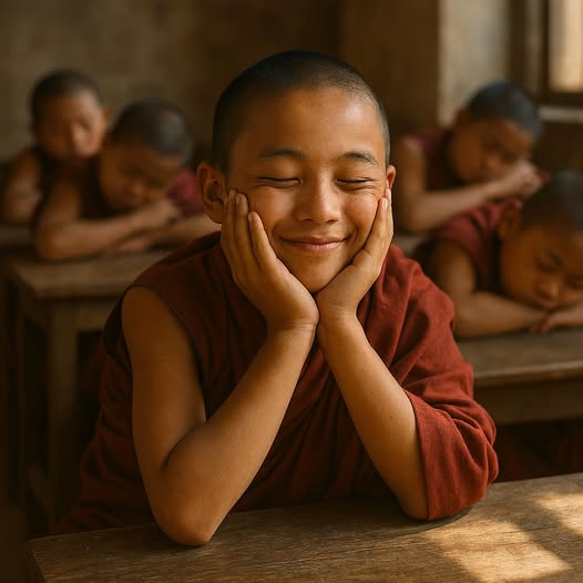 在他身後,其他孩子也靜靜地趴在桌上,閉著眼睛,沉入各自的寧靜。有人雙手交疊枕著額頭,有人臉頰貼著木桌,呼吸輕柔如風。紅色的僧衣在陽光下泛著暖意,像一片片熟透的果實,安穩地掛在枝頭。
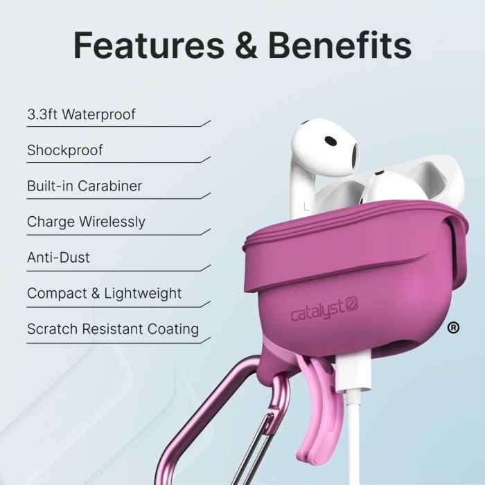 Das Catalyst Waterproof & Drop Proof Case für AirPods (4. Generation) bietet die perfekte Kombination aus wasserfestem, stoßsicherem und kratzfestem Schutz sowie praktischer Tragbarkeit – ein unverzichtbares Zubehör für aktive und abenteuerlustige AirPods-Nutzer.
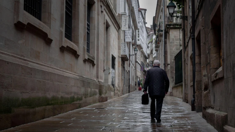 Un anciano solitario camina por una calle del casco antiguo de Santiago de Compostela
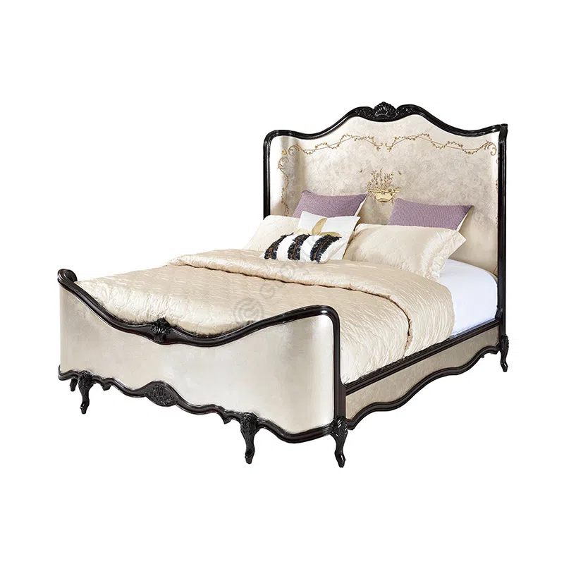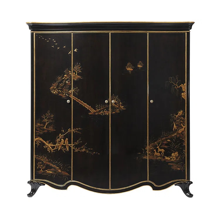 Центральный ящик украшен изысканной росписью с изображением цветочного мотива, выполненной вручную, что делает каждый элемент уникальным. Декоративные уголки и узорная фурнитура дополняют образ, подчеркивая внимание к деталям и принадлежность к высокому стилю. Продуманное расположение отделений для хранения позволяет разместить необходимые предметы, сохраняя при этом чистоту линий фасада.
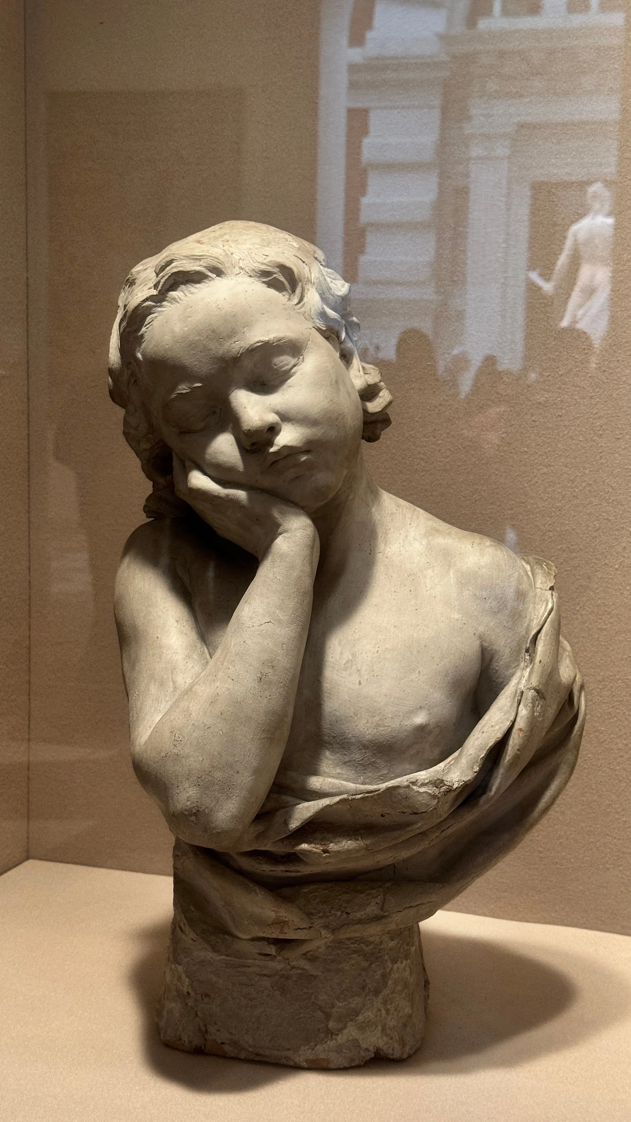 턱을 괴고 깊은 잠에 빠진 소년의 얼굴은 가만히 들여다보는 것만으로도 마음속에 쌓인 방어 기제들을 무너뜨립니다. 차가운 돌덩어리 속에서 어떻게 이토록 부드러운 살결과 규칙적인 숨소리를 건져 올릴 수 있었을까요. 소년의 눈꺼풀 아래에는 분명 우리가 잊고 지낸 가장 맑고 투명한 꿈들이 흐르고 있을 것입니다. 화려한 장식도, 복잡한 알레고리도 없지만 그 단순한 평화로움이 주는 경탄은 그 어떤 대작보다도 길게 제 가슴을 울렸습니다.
==
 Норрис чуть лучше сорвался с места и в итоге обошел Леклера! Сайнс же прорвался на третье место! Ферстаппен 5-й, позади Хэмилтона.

- _What this task involves_
Transcribe, from the material above, the stretch starting at the line with "在他身後,其他孩子也靜靜地趴" and ending at the line with "턱을 괴고 깊은 잠에", both included, exactly. Do not carry over pictures.

- _Response area_
 在他身後,其他孩子也靜靜地趴在桌上,閉著眼睛,沉入各自的寧靜。有人雙手交疊枕著額頭,有人臉頰貼著木桌,呼吸輕柔如風。紅色的僧衣在陽光下泛著暖意,像一片片熟透的果實,安穩地掛在枝頭。
 Das Catalyst Waterproof & Drop Proof Case für AirPods (4. Generation) bietet die perfekte Kombination aus wasserfestem, stoßsicherem und kratzfestem Schutz sowie praktischer Tragbarkeit – ein unverzichtbares Zubehör für aktive und abenteuerlustige AirPods-Nutzer.
 Un anciano solitario camina por una calle del casco antiguo de Santiago de Compostela
 Центральный ящик украшен изысканной росписью с изображением цветочного мотива, выполненной вручную, что делает каждый элемент уникальным. Декоративные уголки и узорная фурнитура дополняют образ, подчеркивая внимание к деталям и принадлежность к высокому стилю. Продуманное расположение отделений для хранения позволяет разместить необходимые предметы, сохраняя при этом чистоту линий фасада.
 턱을 괴고 깊은 잠에 빠진 소년의 얼굴은 가만히 들여다보는 것만으로도 마음속에 쌓인 방어 기제들을 무너뜨립니다. 차가운 돌덩어리 속에서 어떻게 이토록 부드러운 살결과 규칙적인 숨소리를 건져 올릴 수 있었을까요. 소년의 눈꺼풀 아래에는 분명 우리가 잊고 지낸 가장 맑고 투명한 꿈들이 흐르고 있을 것입니다. 화려한 장식도, 복잡한 알레고리도 없지만 그 단순한 평화로움이 주는 경탄은 그 어떤 대작보다도 길게 제 가슴을 울렸습니다.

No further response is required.